(DATASET EXCERPT begins)

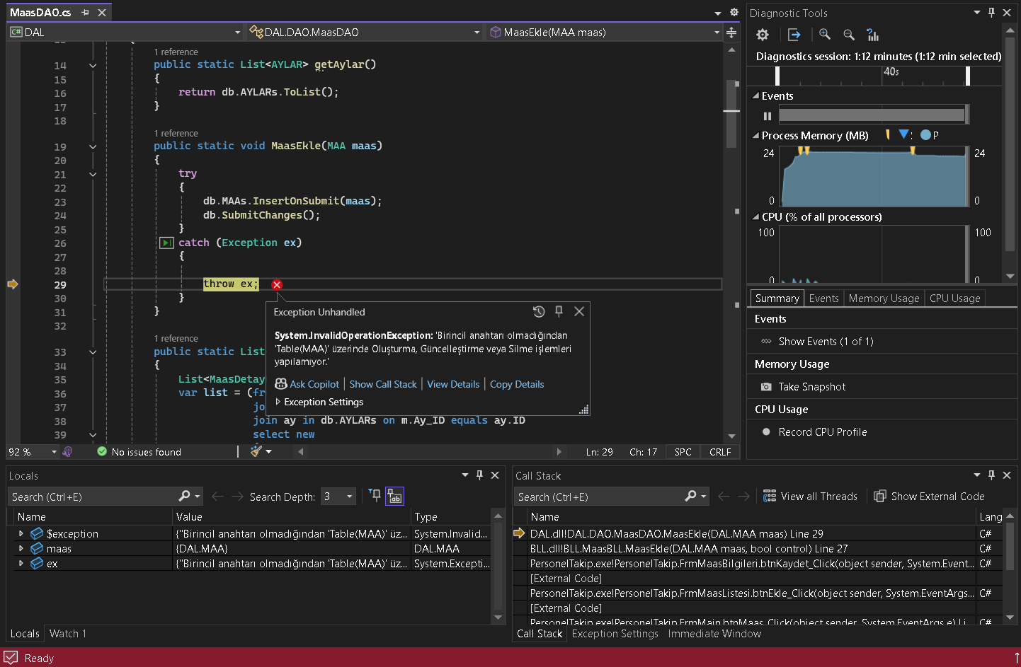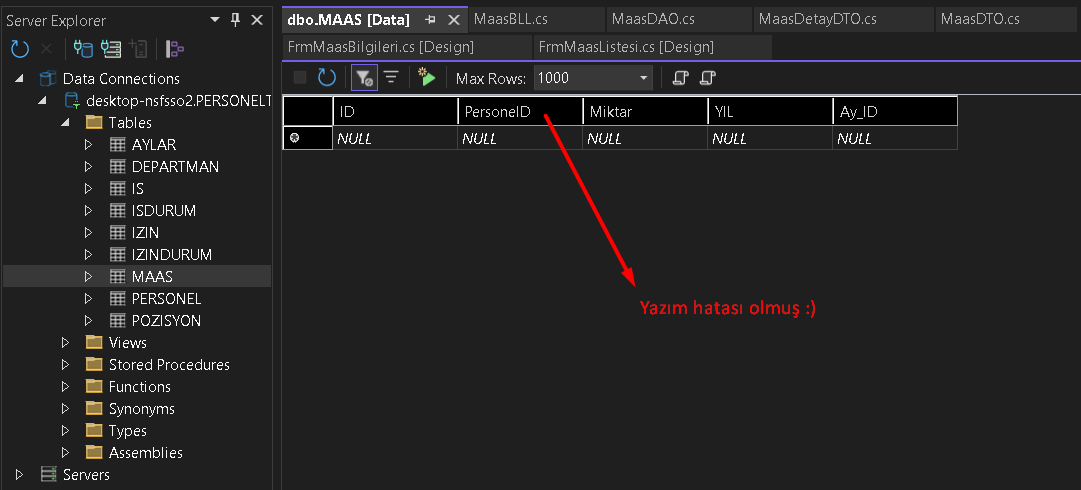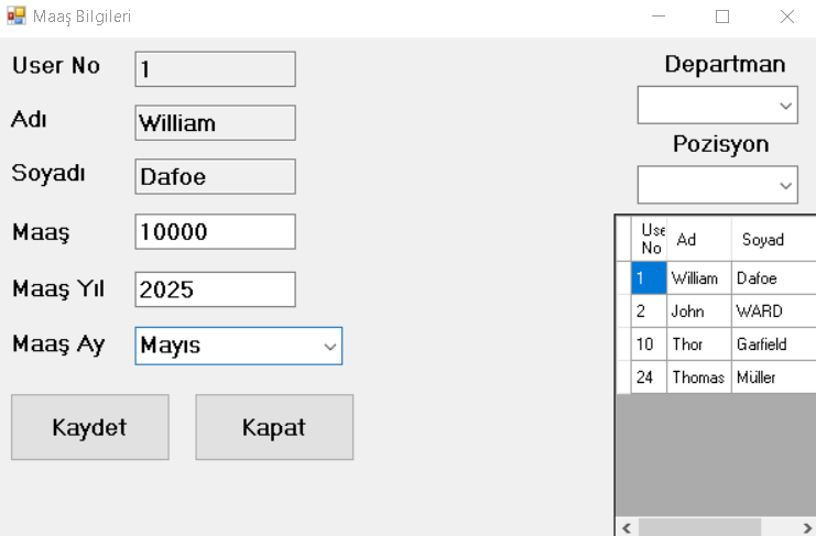 Videoda izlediğim Personel Takip Otomasyonu uygulamasının aynısını yapmaya çalıştım. (Videoya baka baka yapmama rağmen ufak bir şey kaçırmış olabilirim.)
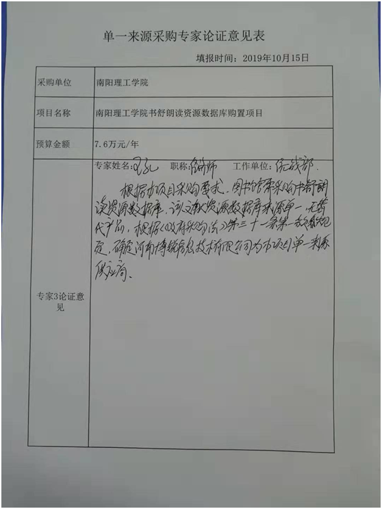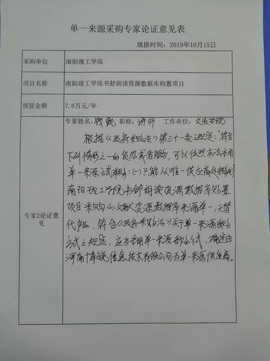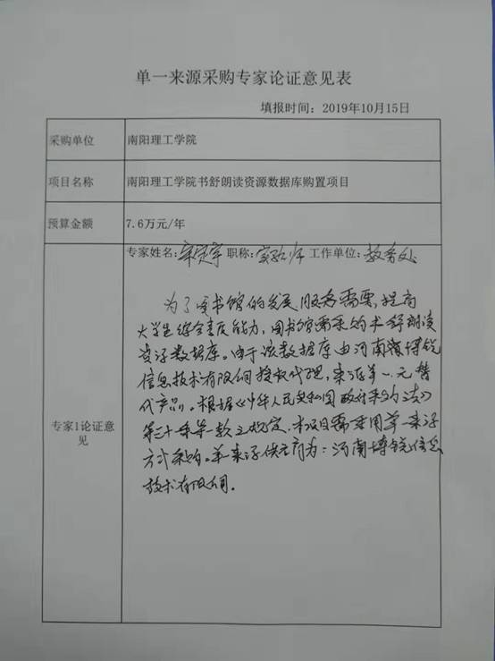 南阳理工学院书舒朗读资源数据库购置项目拟采用单一来源采购的公示
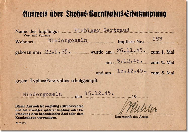 AUSWEIS ÜBER TYPHUS-PARATYPHUS-SCHUTZIMPFUNG
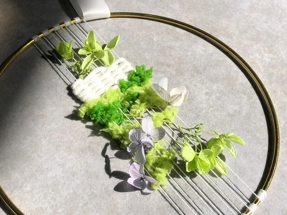 You will make one tapestry or one Ikebana wreath with up-cycling materials.

(DATASET EXCERPT ends)

• **ASSIGNED TASK**:
If a picture falls within the lines from the one containing "南阳理工学院书舒朗读资源数据库购置项目拟采用单一来源采购的公示" through the end of the material, leave it out while repeating those lines exactly.

• **REPLY TO THE EXERCISE**:
 南阳理工学院书舒朗读资源数据库购置项目拟采用单一来源采购的公示
 AUSWEIS ÜBER TYPHUS-PARATYPHUS-SCHUTZIMPFUNG
 You will make one tapestry or one Ikebana wreath with up-cycling materials.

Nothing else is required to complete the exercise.